Supplied data: Begin

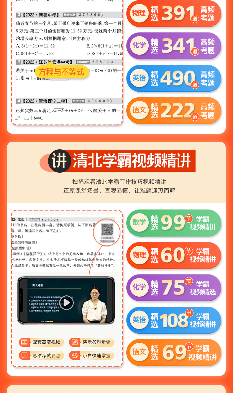 【12-18岁】《闻道清北:视频讲透中高考热搜题》全10册 初中+高中热门教辅,全国通用,适用于初中一年级至高中三年级备战中高考!
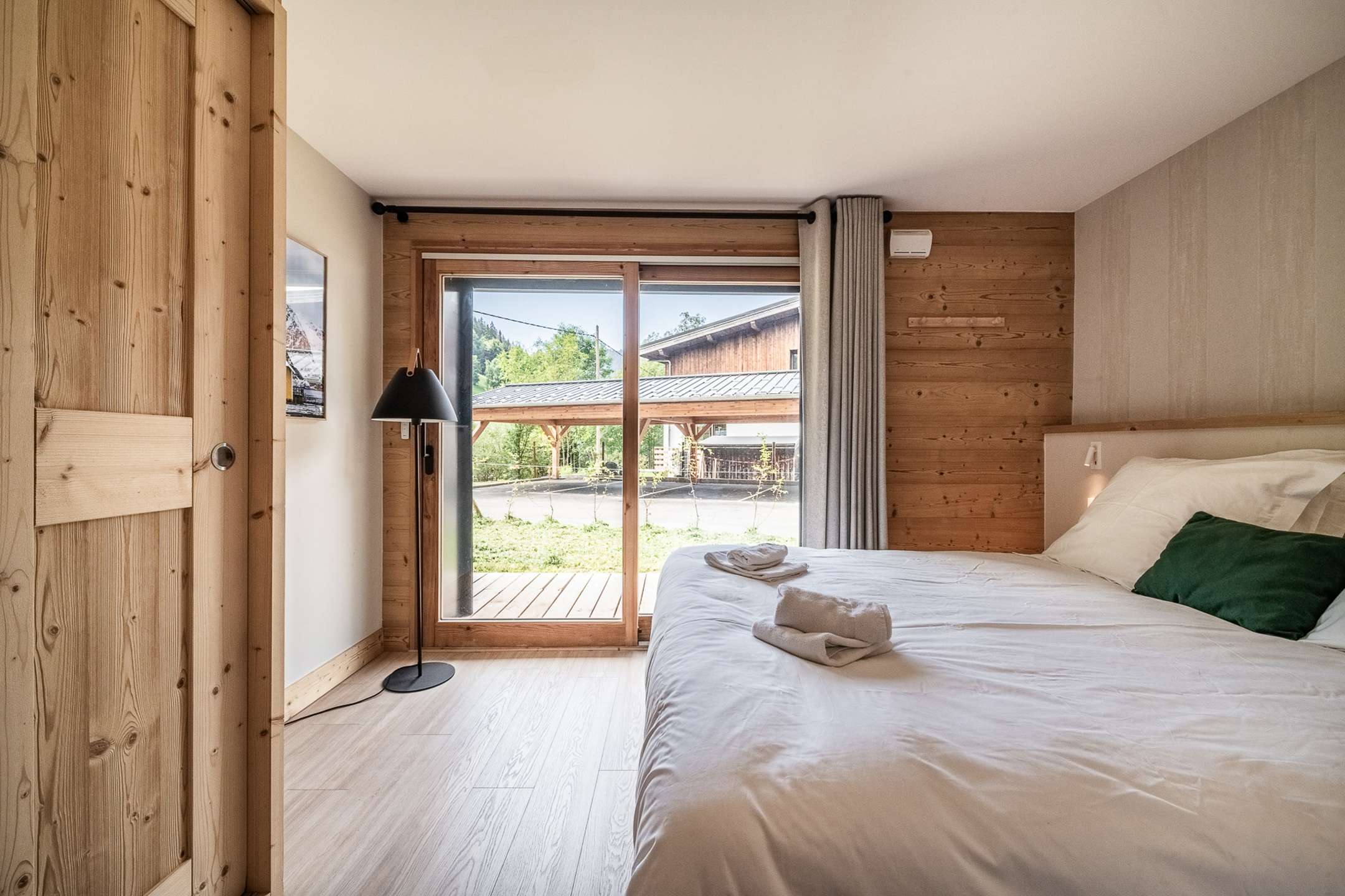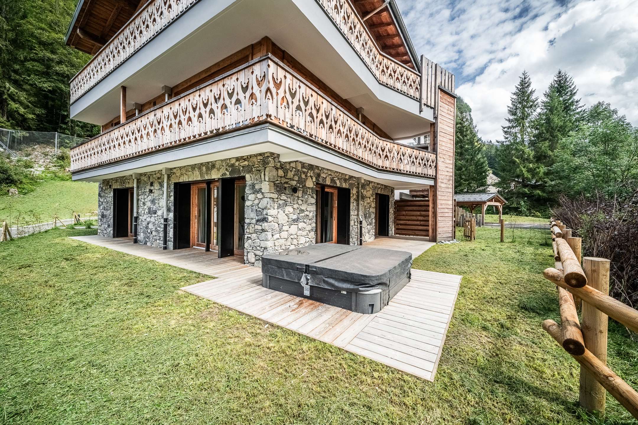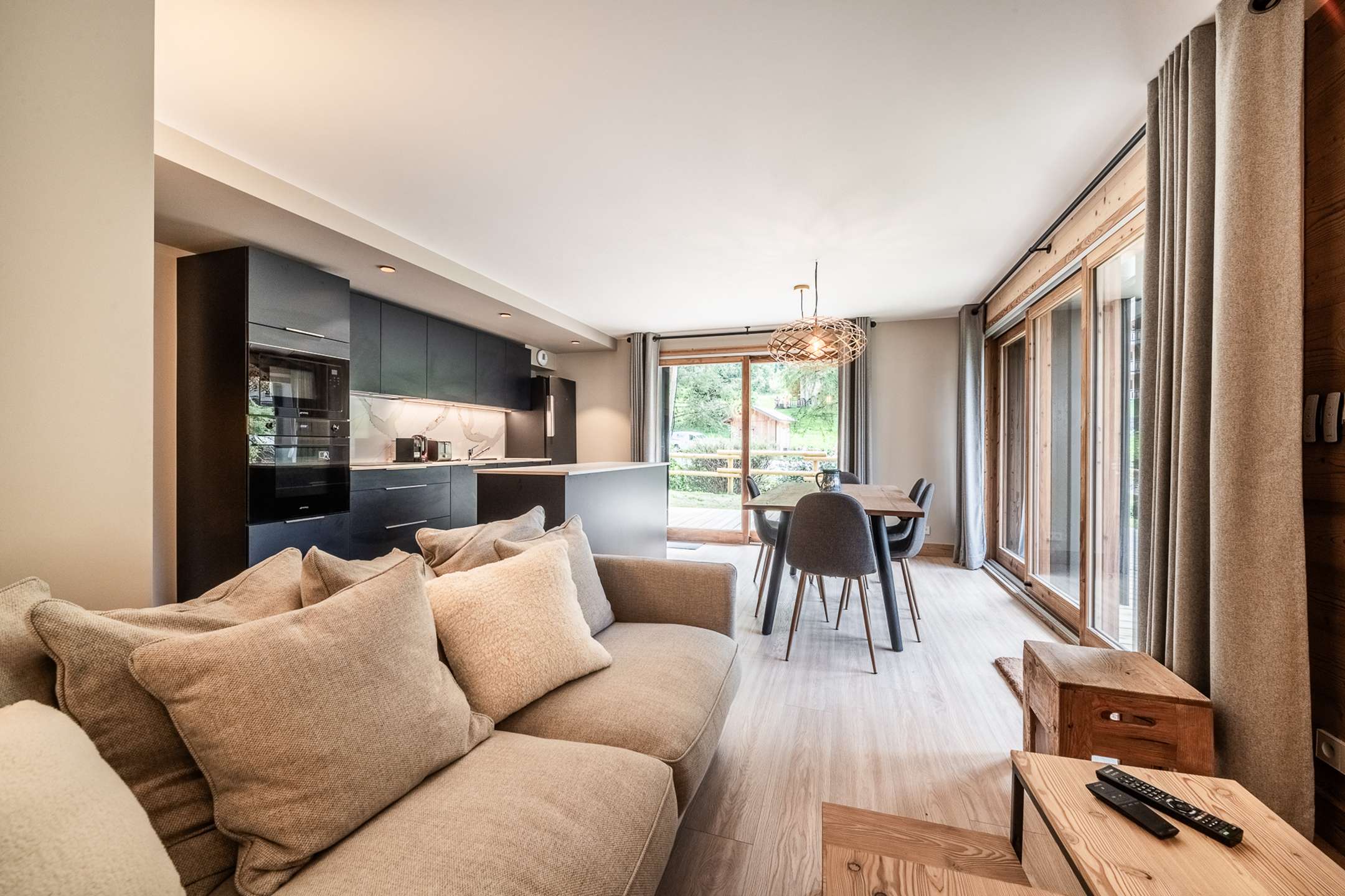 CHALET PASCAL A02 is a 74m² apartment with three bedrooms and two bathrooms, on the ground floor of a brand new building with a private garden and hot tub.
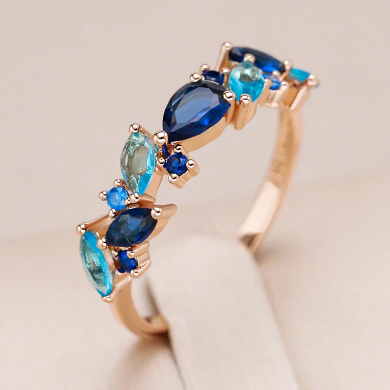 Cette bague bleu est une pièce délicate et raffinée, inspirée de la beauté de la nature. Elle est ornée de plusieurs pierres en zircone cubique de différentes formes (marquise, ronde, ovale) et de différentes couleurs, allant du bleu saphir au turquoise. Les pierres sont disposées en motifs de feuilles et de fleurs. La bague est conçue en cuivre plaqué or 585, et son alliage est conforme à la norme environnementale, étant sans plomb, sans nickel et sans cadmium, ce qui la rend sûre à porter au quotidien.
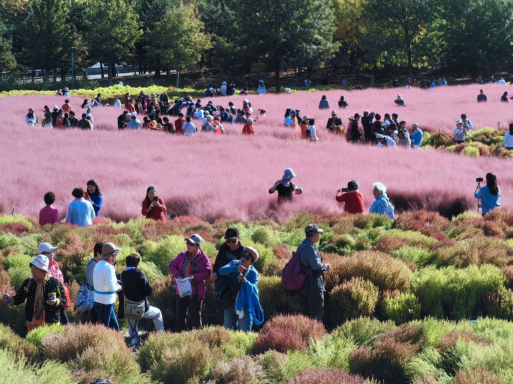 Pink muhly grass draws many visitors to Beijing Olympic Forest Park. [Photo/IC]
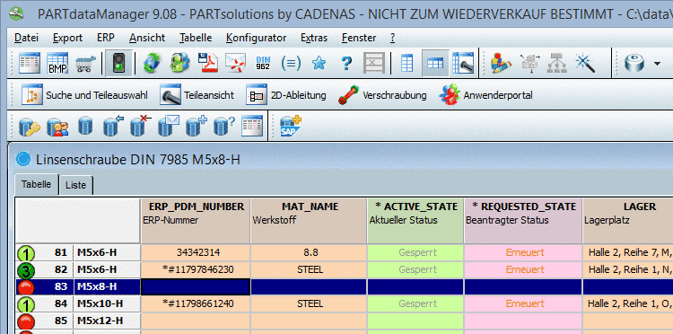 Wählen Sie im PARTdataManager in einem beliebigen Katalog, in beliebigem Projekt eine beliebige Zeile aus.
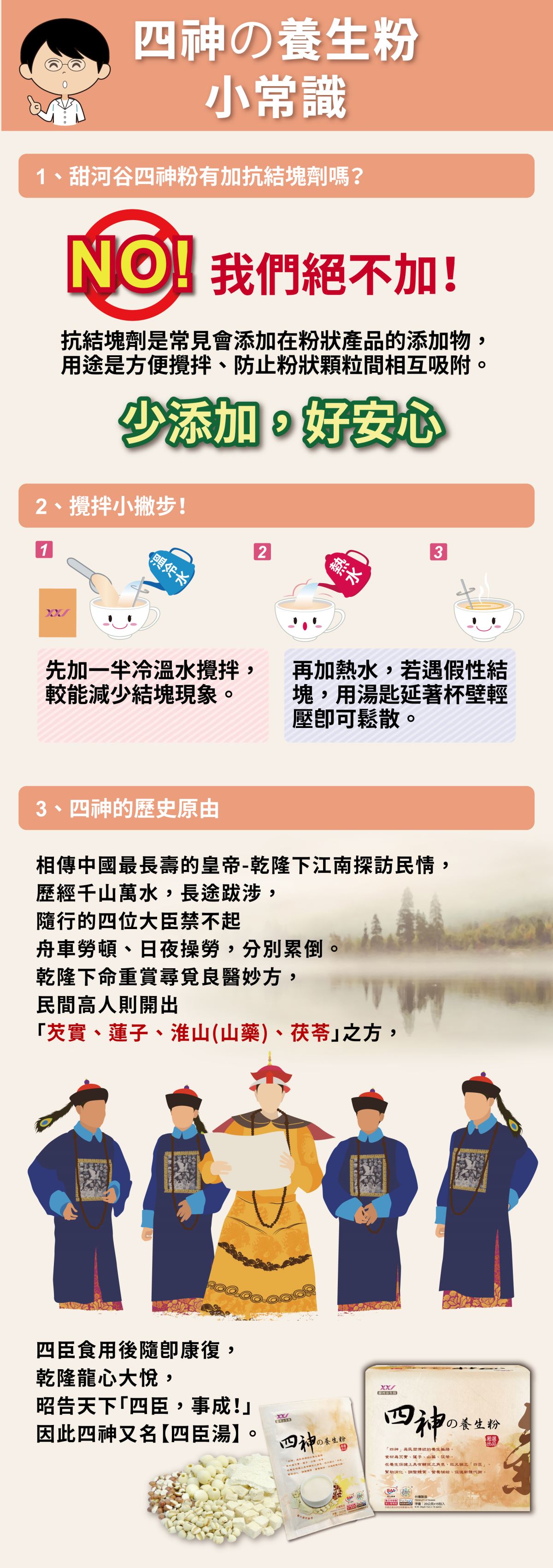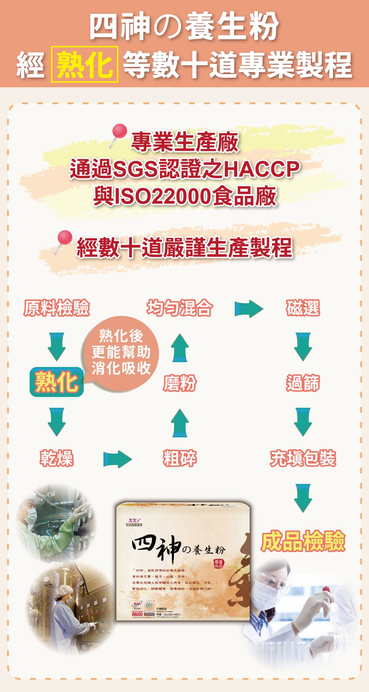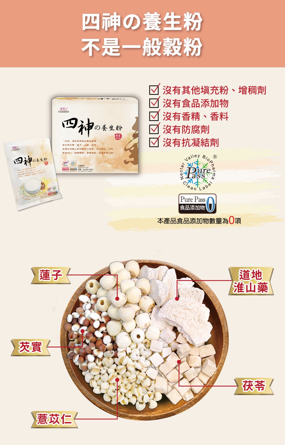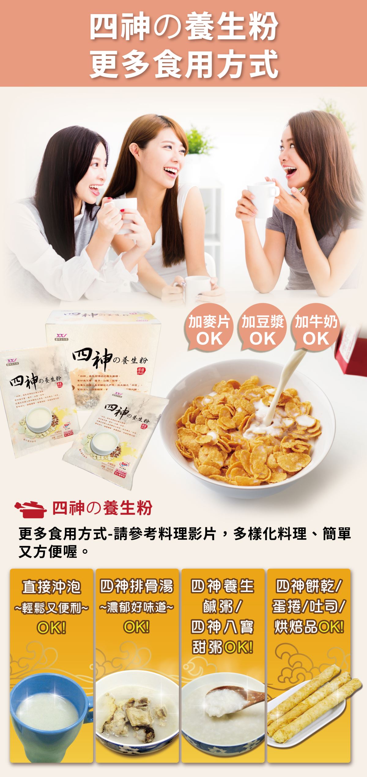 ❶ 四神粉不是一般穀粉,是由傳統藥膳四神-蓮子、芡實、山藥、茯苓經熟化等數十道程序研磨之養生粉。
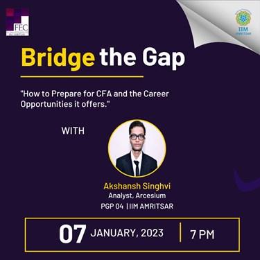 Bridge the Gap: Bridge the Gap is an interactive discussion series conducted by FEC. It aims to connect students with our alums and other industry stalwarts through sessions and discussions on various relevant financial topics. FEC conducted the most recent "Bridge The Gap" session in January 2023, which had the topic - "How to prepare for CFA and the career opportunities it offers."
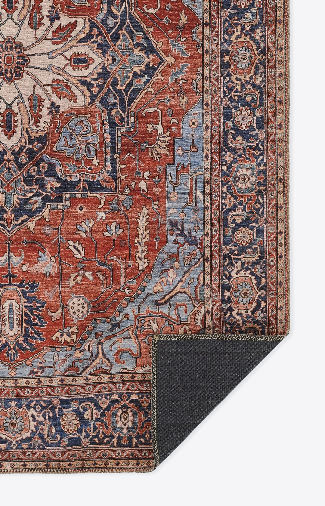 Afshar features old world charm and high end design that is awakened by over-dyed, rich colors. Masterful, sharp designs are complimented by hand stitched edges and a soft backing, for a refined and timeless look that is at home in a myriad of spaces.
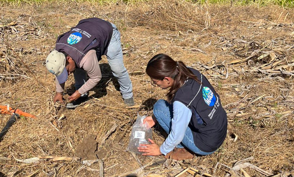 En cada sitio se recolectan hasta ocho muestras diarias, las cuales son enviadas al laboratorio nacional para su análisis físico y químico, con el fin de determinar características del suelo que permitan orientar de mejor manera el uso de fertilizantes y las prácticas agrícolas.
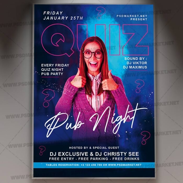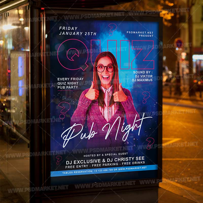 Quiz Pub Card Printable Template Flyer PSD is a simply modern flyer design by PSDmarket Team to be used with Adobe Photoshop CS3 and higher. Save your time and use it for business or for your clients! This can be use for Trivia Night, Quiz Night, Pub Quiz, Quiz Party, Quiz Night, Trivia, Trivia Party, Quiz Night, Quiz Party, Trivia Night, Trivia Day, Pub Quiz or So-Called Pub Quiz and others.
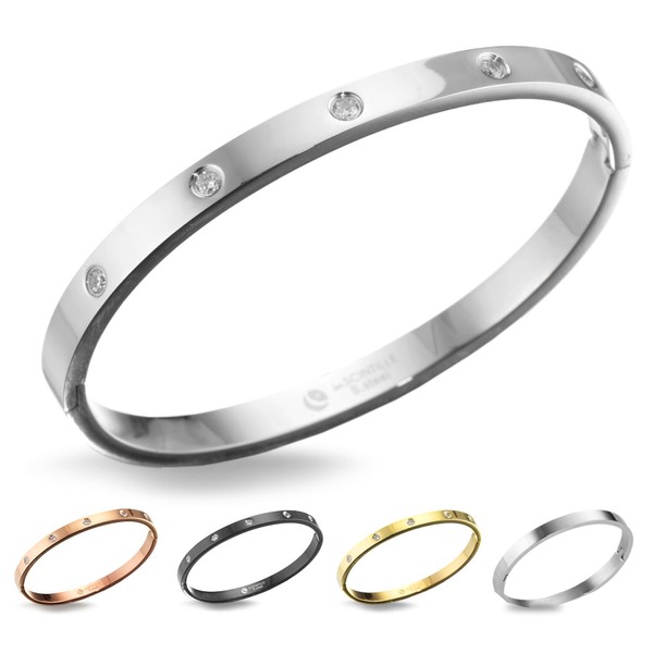 - Winning design: an eye-catching rigid women's bangle, the perfect compromise between modernity and sophistication. The special tone of the steel gives the bangle a great attraction, which in combination with the existing light points creates a stunning effect. Worn alone, it is beautiful and elegant. If you want to attract more attention, you can wear several bangles together even in different colors to make them "ring" when touched.

Supplied data: End

Reproduce exactly, with no pictures, the lines above from the one holding "❶ 四神粉不是一般穀粉,是由" to the one holding "Quiz Pub Card", inclusive.

 ❶ 四神粉不是一般穀粉,是由傳統藥膳四神-蓮子、芡實、山藥、茯苓經熟化等數十道程序研磨之養生粉。
 Bridge the Gap: Bridge the Gap is an interactive discussion series conducted by FEC. It aims to connect students with our alums and other industry stalwarts through sessions and discussions on various relevant financial topics. FEC conducted the most recent "Bridge The Gap" session in January 2023, which had the topic - "How to prepare for CFA and the career opportunities it offers."
 Afshar features old world charm and high end design that is awakened by over-dyed, rich colors. Masterful, sharp designs are complimented by hand stitched edges and a soft backing, for a refined and timeless look that is at home in a myriad of spaces.
 En cada sitio se recolectan hasta ocho muestras diarias, las cuales son enviadas al laboratorio nacional para su análisis físico y químico, con el fin de determinar características del suelo que permitan orientar de mejor manera el uso de fertilizantes y las prácticas agrícolas.
 Quiz Pub Card Printable Template Flyer PSD is a simply modern flyer design by PSDmarket Team to be used with Adobe Photoshop CS3 and higher. Save your time and use it for business or for your clients! This can be use for Trivia Night, Quiz Night, Pub Quiz, Quiz Party, Quiz Night, Trivia, Trivia Party, Quiz Night, Quiz Party, Trivia Night, Trivia Day, Pub Quiz or So-Called Pub Quiz and others.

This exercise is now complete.